The one part that touches installation is :ensure. With use-package-always-ensure set to t, every block implicitly calls package-install for its package if it is missing. That call still goes through package-install, so it composes with any guard placed around that function: use-package decides what to configure, while an allowlist can decide what is allowed to install at all.

how an allowlist hooks into all of this

A security-minded configuration can wrap the install entry points to enforce an explicit list of approved packages.
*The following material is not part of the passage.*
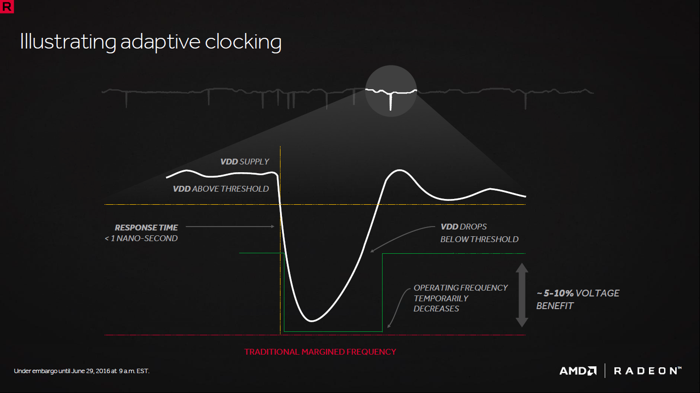 L'adaptative clocking tout d'abord est une technique qui permet de gérer les petites baisses de tension sans devoir prendre en compte de marge de sécurité importante. Comme vous le savez, les étages d'alimentation délivrent rarement une tension stable, ce qui est rendu difficile par l'intensité élevée délivrée aux GPU. Cette tension varie constamment avec de petites baisses qui peuvent atteindre 10 à 15% selon AMD. Grâce à des capteurs de tension internes, le GPU peut réduire brièvement sa fréquence avec un délai d'une nanoseconde dès qu'il détecte une petite baisse de la tension. De quoi pouvoir réduire la marge de sécurité et la tension de 5 à 10% avec une économie d'énergie conséquente à la clé.

The package system has five code paths that can put Lisp into the runtime, and each can be guarded:

  • package-install (by name): allowlist-checked.
  • package-install-from-archive (used by the *Packages* menu): allowlist-checked.
  • package-vc-install (clone and install straight from a git repository): allowlist-checked.
  • package-install-file (install a local .el or .tar): hard-blocked.
  • package-install-from-buffer (evaluate a buffer as a package): hard-blocked.
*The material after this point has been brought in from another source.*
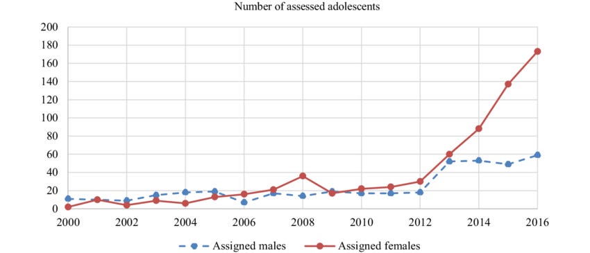This clinic from California reported that from 2015 to 2018, the number of referrals per year tripled, and “73% were assigned female sex at birth,” which is quite a skew (I didn’t read the whole thing carefully, but I don’t think the authors included data on whether that percentage increased over time).

The reason the allowlist must also include transitive dependencies, such as dash, compat, treepy, and llama, comes from the dependency-resolution step earlier: installing magit calls package-install on each of its dependencies, and the guard intercepts every such call. If magit is approved but llama is not, installing magit aborts the moment it tries to pull llama. That is the intended behaviour: nothing enters the tree without an explicit, auditable line.
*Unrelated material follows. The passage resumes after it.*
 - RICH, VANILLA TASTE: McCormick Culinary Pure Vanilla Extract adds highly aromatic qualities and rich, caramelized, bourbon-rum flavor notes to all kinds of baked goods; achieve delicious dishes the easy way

VC packages and native git checkouts

One archive type is worth calling out separately. package-vc-install skips archives entirely and clones a package straight from its upstream git repository into elpa/, leaving a real .git directory inside. These cannot be upgraded the same way as archive packages; updating one means deleting the checkout and re-cloning, which is why update routines treat VC packages as a separate case. An elpa/ directory can therefore hold a mix of archive-installed packages (plain directories) and VC-installed ones (directories with .git).

the lifecycle, end to end

Putting it together, here is a cold boot on this kind of setup:

  1. early-init.el sets the archives, priorities, signature policy, pins, and garbage-collection tuning.
  2. package.el auto-initializes: it activates whatever is already in elpa/ and builds the load-path from autoloads.
  3. init.el loads the package module, which installs the allowlist guards and then, for any approved package not yet on disk, refreshes contents and installs it (signature-checked per archive, allowlist-checked per the guard).
  4. Remaining modules load; use-package blocks configure each now-present package and wire up lazy autoloads.
  5. The first time a key bound to, say, magit-status is pressed, the autoload fires and the real magit.el, with its native-compiled .eln, loads.

quick reference

  • An archive is a remote ELPA server; package-user-dir is the local elpa/ install directory.
  • GNU and NonGNU are stable and signed; MELPA is rolling and unsigned.
  • package-archive-priorities picks the source; package-pinned-packages overrides it per package.
  • package-check-signature is the GPG trust knob; the setup here runs 'all with a MELPA exception.
  • package.el installs and resolves dependencies; use-package only configures, with an optional :ensure install.
  • Dependencies install automatically, which is why an allowlist has to name them too.